While searching for a fix for a bug in the **LogLogPlot** command (which doesn’t even let you change tick thickness) I came across some examples on stackexchange.com that used some private Charting functions to compute the major and minor tick lists. I haven’t found any detailed help on these functions, but the stackexchange.com descriptions were enough to get something working.

#### Linear Axes

Here’s my function for asking Mathematica for nicely spaced major and minor ticks but increasing the length of the tick marks.

```
(* arguments: min and max axis value, scale factor for tick length *)
GetScaledLinearTicks[min_, max_, scale_] := Module[{ticks},
ticks = #[min, max] & /@
{Charting`ScaledTicks[{Identity, Identity}],
Charting`ScaledFrameTicks[{Identity, Identity}]};
(*scale the tick length*)
Table[{#[[1]], #[[2]], scale*#[[3]]} & /@ ticks[[i]], {i, 2}]]
```

Here’s an example usage,

```
lticks = {GetScaledLinearTicks[-1.1, 1.1, 2.5],
GetScaledLinearTicks[-3.2, 3.2, 2.5]};
(**)
pd = Plot[Cos[x], {x, -Pi, Pi}, Frame -> True, ImageSize -> 300,
PlotLabel -> "Default Tick Length"];
(**)
pl = Plot[Cos[x], {x, -Pi, Pi}, Frame -> True,
FrameTicks -> lticks, PlotLabel -> "Tick Length Scaled by 2.5"];
(**)
GraphicsRow[{pd, pl}] // Print
```

and here is the default and scaled tick length outputs,

You have to set the minimum and maximum axes limits to use these functions.
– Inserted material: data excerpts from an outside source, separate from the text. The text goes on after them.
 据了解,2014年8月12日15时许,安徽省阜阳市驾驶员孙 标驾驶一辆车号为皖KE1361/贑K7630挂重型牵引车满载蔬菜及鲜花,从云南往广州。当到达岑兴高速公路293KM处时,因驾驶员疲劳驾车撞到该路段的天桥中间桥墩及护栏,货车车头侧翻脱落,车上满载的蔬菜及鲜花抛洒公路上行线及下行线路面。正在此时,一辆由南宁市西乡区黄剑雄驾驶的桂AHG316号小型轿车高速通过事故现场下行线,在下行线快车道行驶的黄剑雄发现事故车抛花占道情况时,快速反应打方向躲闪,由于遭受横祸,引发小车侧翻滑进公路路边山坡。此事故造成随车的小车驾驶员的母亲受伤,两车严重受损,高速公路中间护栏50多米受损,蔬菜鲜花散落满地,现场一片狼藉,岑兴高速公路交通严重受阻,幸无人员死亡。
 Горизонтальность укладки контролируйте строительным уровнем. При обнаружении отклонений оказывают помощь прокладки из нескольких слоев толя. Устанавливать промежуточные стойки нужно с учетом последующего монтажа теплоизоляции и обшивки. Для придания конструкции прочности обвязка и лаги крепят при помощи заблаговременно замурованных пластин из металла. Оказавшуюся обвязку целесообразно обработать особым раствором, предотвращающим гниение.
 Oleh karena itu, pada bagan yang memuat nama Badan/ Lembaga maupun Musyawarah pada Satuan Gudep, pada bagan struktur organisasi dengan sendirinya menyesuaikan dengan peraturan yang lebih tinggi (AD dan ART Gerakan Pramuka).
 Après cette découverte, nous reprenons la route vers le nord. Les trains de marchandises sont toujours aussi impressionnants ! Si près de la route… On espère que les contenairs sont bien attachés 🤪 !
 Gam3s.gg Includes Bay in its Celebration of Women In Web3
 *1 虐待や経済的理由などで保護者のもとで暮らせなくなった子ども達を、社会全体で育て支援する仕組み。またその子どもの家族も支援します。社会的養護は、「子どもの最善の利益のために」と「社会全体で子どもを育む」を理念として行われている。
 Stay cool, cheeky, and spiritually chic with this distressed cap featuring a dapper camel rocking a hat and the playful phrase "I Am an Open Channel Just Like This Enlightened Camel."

I often specify them myself using PlotRange, so that’s usually not a problem. If you need, you can get the default plot range from an initial call to the plot. So far these functions have returned reasonable major and minor ticks lists that I can pass with the **FrameTicks** option in my plots.

#### Logarithmic Axes

For logarithmic axes, we have to work with the fact that Mathematica uses natural logarithms in the computations and convert our limits to logarithms and back to the original values.

```
GetScaledLogTicks[min_, max_, scale_] :=
Module[{ticks},
ticks = #[Log[min],Log[max]] & /@ {Charting`ScaledTicks[{Log, Exp}],
Charting`ScaledFrameTicks[{Log, Exp}]};
(*scale the tick length*)
Table[{Exp[#[[1]]], #[[2]], scale*#[[3]]} & /@ ticks[[i]], {i, 2}]]
```

Table[{Exp[#[[1]]], #[[2]], scale*#[[3]]} & /@ ticks[[i]], {i, 2}]]

```
xmin = 0.001;
xmax = 0.5;
ymin = 2 10^(-3);
ymax = 5;
(**)
lticks = {GetScaledLogTicks[ymin, ymax, 2.5],
GetScaledLogTicks[xmin, xmax, 2.5]};
(**)
tau = 25.0;
pd = LogLogPlot[Sin[2 Pi f tau ]/(2 Pi f tau), {f, 0, 0.5},
PlotRange -> {{xmin, xmax}, {ymin, ymax}}, Frame -> True,
ImageSize -> 300, PlotLabel -> "Default Tick Length"];
(**)
pl =
LogLogPlot[Sin[2 Pi f tau]/(2 Pi f tau), {f, 0, 0.5},
PlotRange -> {{xmin, xmax}, {ymin, ymax}}, Frame -> True,
FrameTicks -> lticks, PlotLabel -> "Tick Length Scaled by 2.5"];
(**)
GraphicsRow[{pd, pl}] // Print
```

and here’s the output,

The tick selection here is not great, but since we have a list of major and minor ticks, we could drop the values that correspond to half-decade labels.

#### Summary

I stumbled into the stackexchange.com solutions but wrote my own versions that may be less efficient and less concise that other versions, but mine are clear enough for me to maintain and debug if things change in the future.

#### References

Here are links to the stackexchange.com discussions that provided the how-to for these work-arounds.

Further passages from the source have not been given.